[Source material]
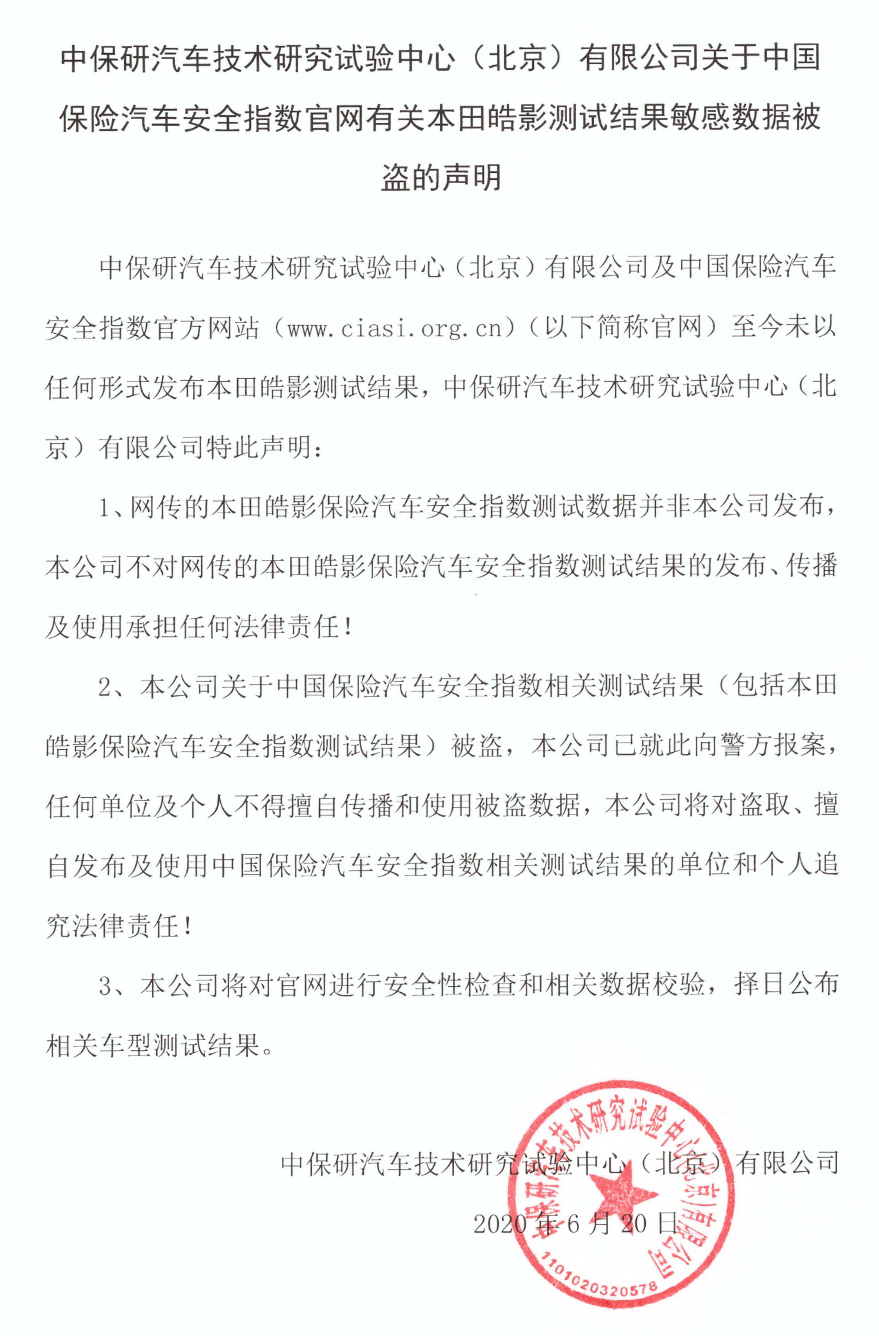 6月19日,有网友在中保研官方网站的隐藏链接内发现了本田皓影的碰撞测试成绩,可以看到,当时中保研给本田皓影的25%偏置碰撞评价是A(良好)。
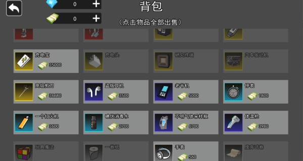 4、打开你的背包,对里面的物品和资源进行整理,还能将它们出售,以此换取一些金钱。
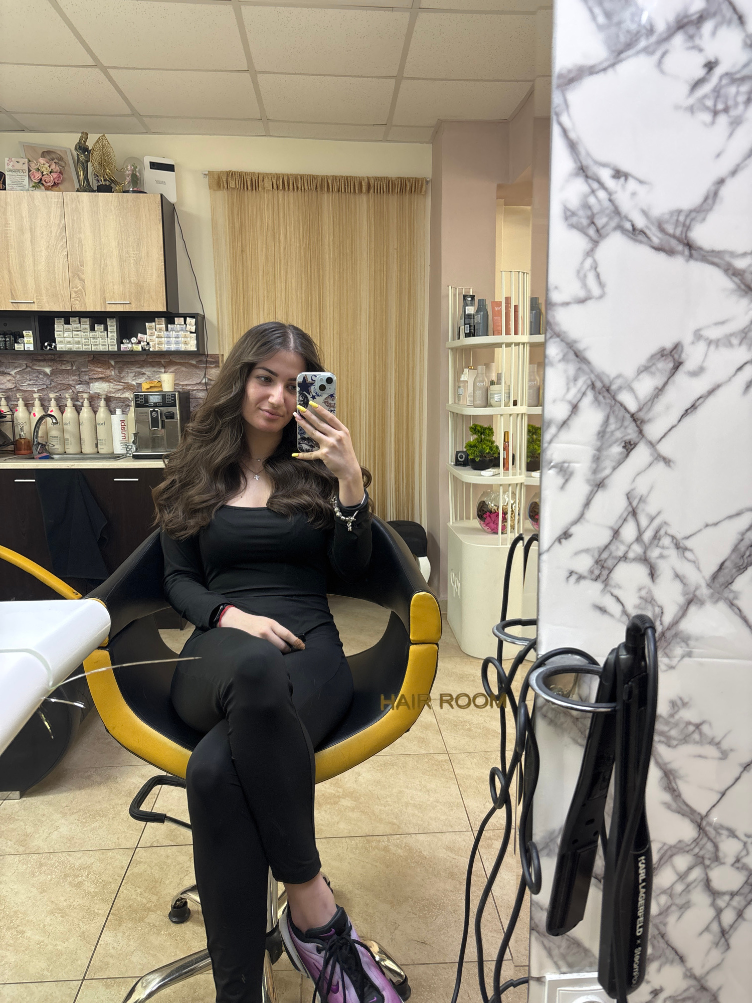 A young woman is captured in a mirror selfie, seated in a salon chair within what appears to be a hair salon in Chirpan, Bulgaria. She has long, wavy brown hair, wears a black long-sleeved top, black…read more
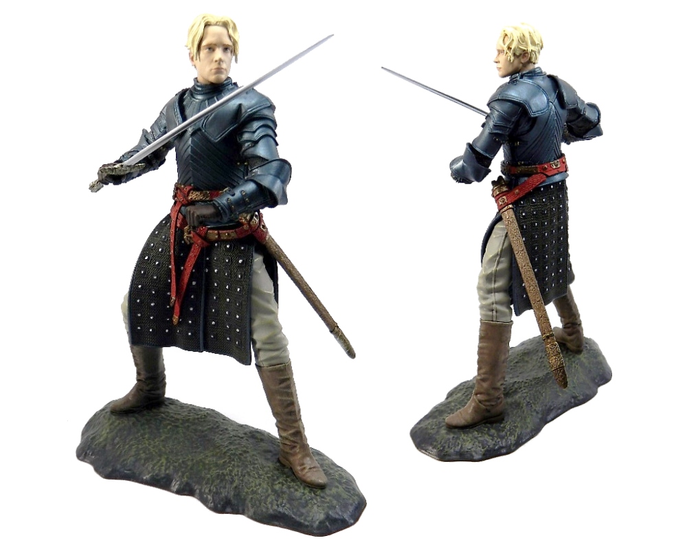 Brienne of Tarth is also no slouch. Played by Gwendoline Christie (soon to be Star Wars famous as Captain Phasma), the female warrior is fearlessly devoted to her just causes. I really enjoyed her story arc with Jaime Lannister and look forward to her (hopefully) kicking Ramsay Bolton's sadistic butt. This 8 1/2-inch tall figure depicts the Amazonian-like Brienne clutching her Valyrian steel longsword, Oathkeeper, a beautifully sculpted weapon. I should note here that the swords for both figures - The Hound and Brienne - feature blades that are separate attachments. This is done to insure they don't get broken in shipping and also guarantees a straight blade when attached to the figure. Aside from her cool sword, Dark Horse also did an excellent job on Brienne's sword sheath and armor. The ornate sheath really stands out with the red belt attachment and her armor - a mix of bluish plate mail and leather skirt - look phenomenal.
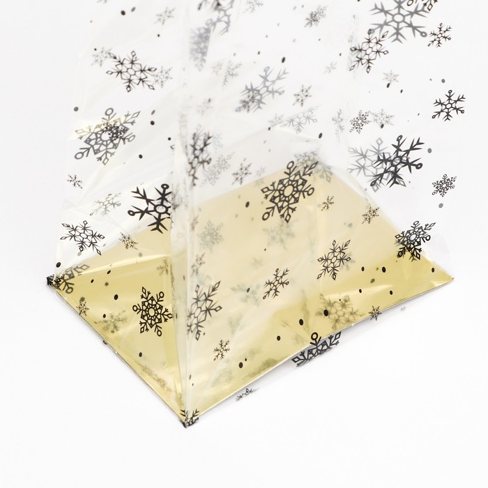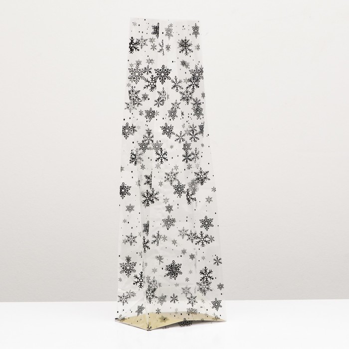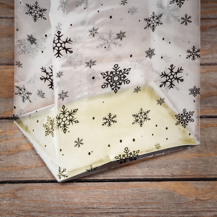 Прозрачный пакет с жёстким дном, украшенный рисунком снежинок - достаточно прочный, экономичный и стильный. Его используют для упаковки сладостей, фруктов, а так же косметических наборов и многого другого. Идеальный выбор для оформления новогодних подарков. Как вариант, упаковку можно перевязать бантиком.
---
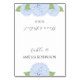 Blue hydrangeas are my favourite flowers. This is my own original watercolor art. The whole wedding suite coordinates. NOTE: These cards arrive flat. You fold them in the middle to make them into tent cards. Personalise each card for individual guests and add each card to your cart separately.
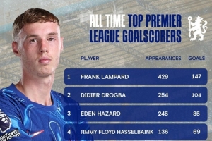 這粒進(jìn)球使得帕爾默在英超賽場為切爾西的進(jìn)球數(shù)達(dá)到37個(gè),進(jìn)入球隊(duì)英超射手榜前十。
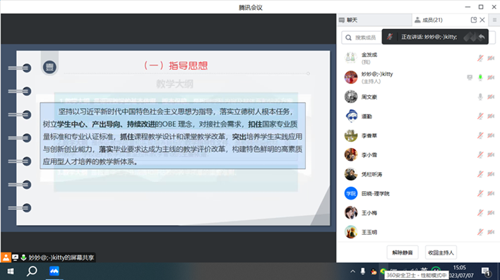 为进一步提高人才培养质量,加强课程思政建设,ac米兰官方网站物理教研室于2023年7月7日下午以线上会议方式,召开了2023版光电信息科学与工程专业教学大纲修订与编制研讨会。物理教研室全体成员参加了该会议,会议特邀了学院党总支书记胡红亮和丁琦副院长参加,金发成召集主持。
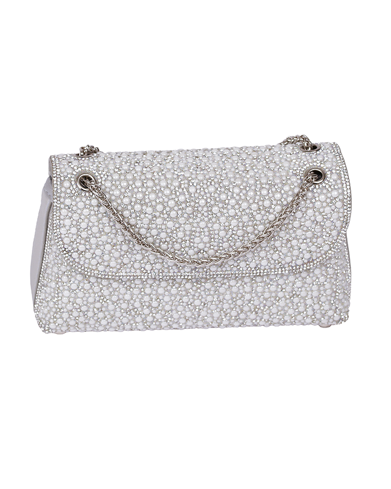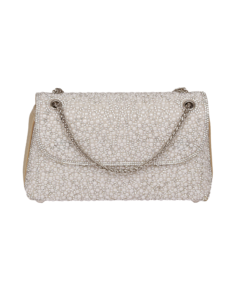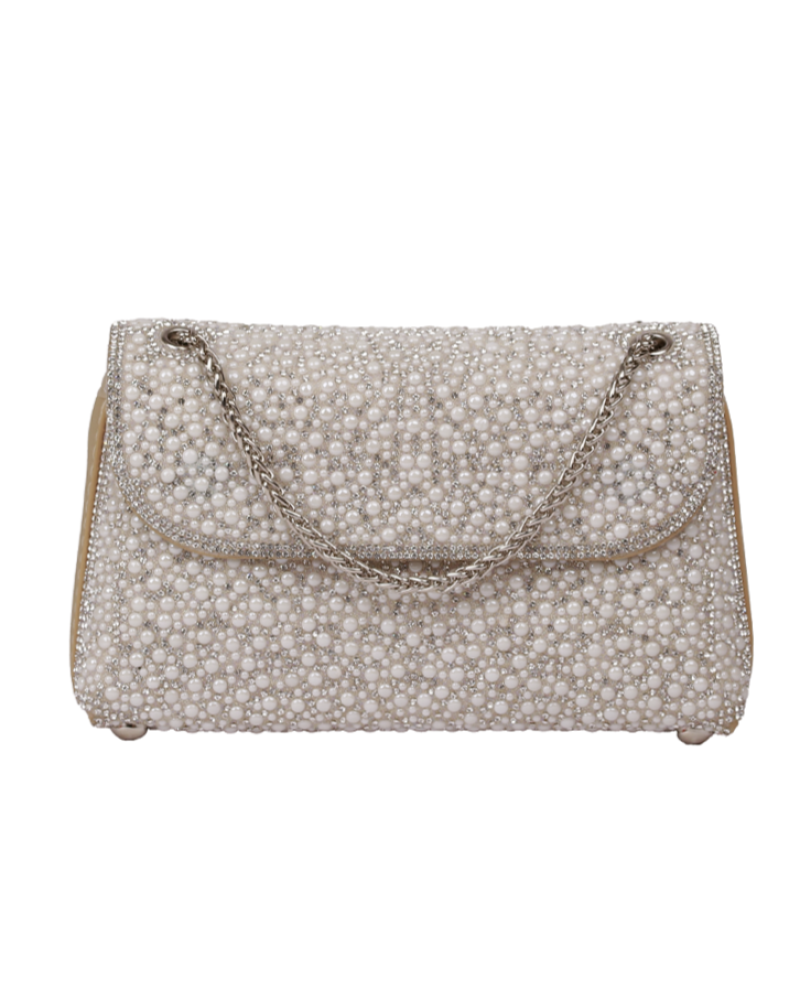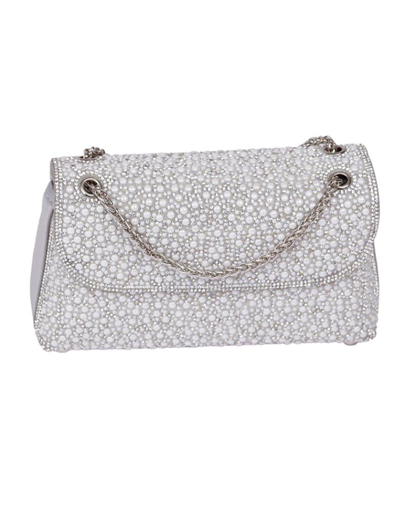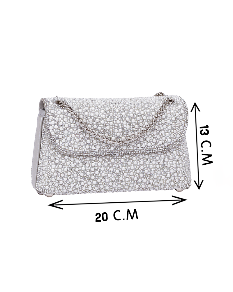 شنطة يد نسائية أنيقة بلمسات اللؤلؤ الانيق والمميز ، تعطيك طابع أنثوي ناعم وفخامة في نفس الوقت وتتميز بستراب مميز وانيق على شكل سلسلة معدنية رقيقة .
--
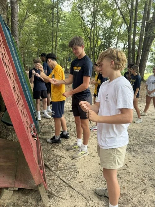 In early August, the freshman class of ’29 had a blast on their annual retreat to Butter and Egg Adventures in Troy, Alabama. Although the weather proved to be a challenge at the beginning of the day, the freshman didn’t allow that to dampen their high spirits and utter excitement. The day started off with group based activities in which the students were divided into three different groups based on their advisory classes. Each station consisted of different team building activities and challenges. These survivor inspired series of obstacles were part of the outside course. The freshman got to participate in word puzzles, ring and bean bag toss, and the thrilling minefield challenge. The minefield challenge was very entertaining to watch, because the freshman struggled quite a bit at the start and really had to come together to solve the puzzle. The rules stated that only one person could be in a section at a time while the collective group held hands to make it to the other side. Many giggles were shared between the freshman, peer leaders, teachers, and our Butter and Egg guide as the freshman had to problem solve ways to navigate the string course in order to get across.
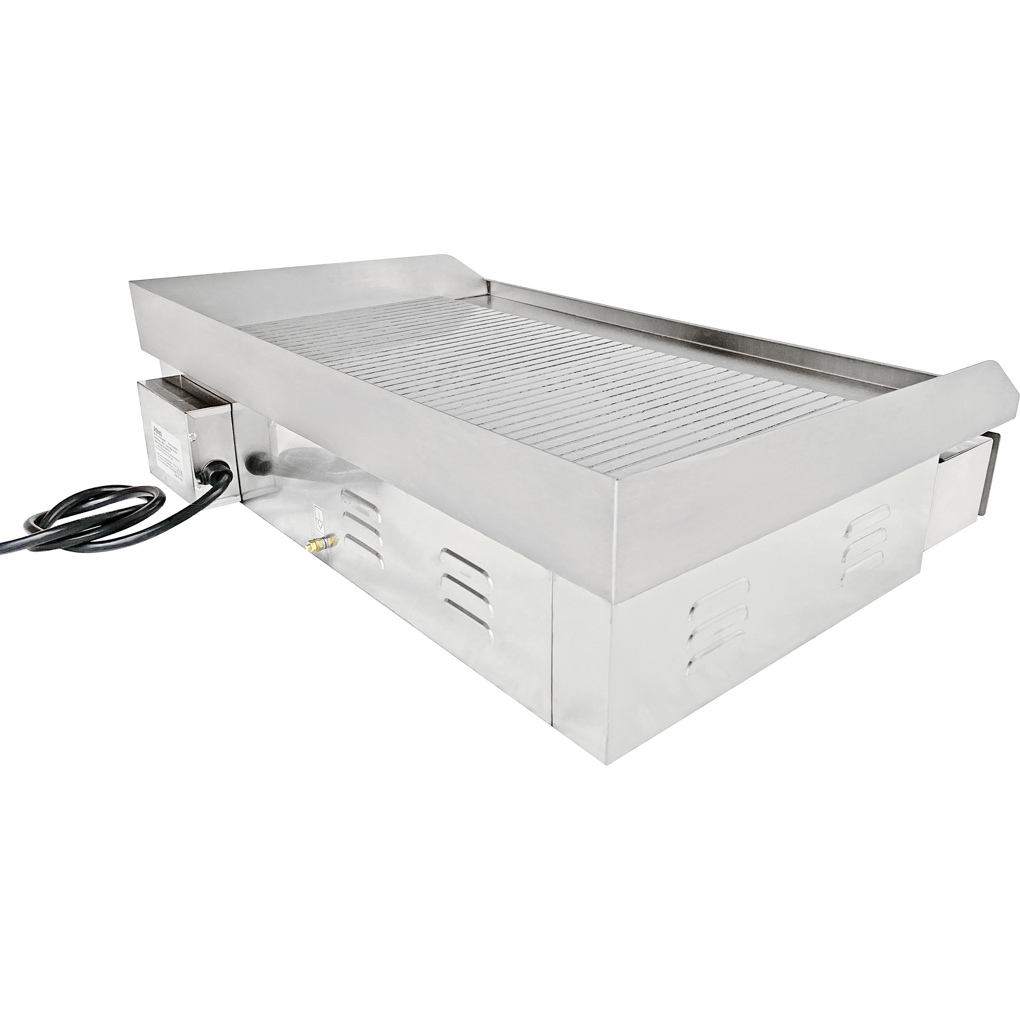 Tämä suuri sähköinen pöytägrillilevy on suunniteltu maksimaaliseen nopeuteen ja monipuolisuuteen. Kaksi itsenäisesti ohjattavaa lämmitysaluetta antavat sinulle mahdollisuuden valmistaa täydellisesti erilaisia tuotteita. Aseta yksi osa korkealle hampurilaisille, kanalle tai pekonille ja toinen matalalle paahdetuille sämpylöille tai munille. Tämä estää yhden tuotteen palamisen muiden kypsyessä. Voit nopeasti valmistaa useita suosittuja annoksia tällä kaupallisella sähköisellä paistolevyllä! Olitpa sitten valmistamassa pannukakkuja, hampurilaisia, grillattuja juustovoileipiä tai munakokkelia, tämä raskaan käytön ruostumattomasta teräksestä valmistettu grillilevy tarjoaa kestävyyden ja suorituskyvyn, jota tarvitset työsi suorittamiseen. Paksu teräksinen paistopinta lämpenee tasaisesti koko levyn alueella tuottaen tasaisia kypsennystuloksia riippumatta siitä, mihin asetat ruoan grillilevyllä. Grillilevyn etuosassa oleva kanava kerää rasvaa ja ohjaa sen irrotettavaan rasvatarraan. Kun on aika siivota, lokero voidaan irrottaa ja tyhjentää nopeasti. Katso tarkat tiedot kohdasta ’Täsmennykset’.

[About this exercise] Write down exactly what the lines above say, from the line holding "Blue hydrangeas are" through the line holding "شنطة يد نسائية", and nothing more. Do not copy the pictures.

[Response to this exercise]
 Blue hydrangeas are my favourite flowers. This is my own original watercolor art. The whole wedding suite coordinates. NOTE: These cards arrive flat. You fold them in the middle to make them into tent cards. Personalise each card for individual guests and add each card to your cart separately.
 這粒進(jìn)球使得帕爾默在英超賽場為切爾西的進(jìn)球數(shù)達(dá)到37個(gè),進(jìn)入球隊(duì)英超射手榜前十。
 为进一步提高人才培养质量,加强课程思政建设,ac米兰官方网站物理教研室于2023年7月7日下午以线上会议方式,召开了2023版光电信息科学与工程专业教学大纲修订与编制研讨会。物理教研室全体成员参加了该会议,会议特邀了学院党总支书记胡红亮和丁琦副院长参加,金发成召集主持。
 شنطة يد نسائية أنيقة بلمسات اللؤلؤ الانيق والمميز ، تعطيك طابع أنثوي ناعم وفخامة في نفس الوقت وتتميز بستراب مميز وانيق على شكل سلسلة معدنية رقيقة .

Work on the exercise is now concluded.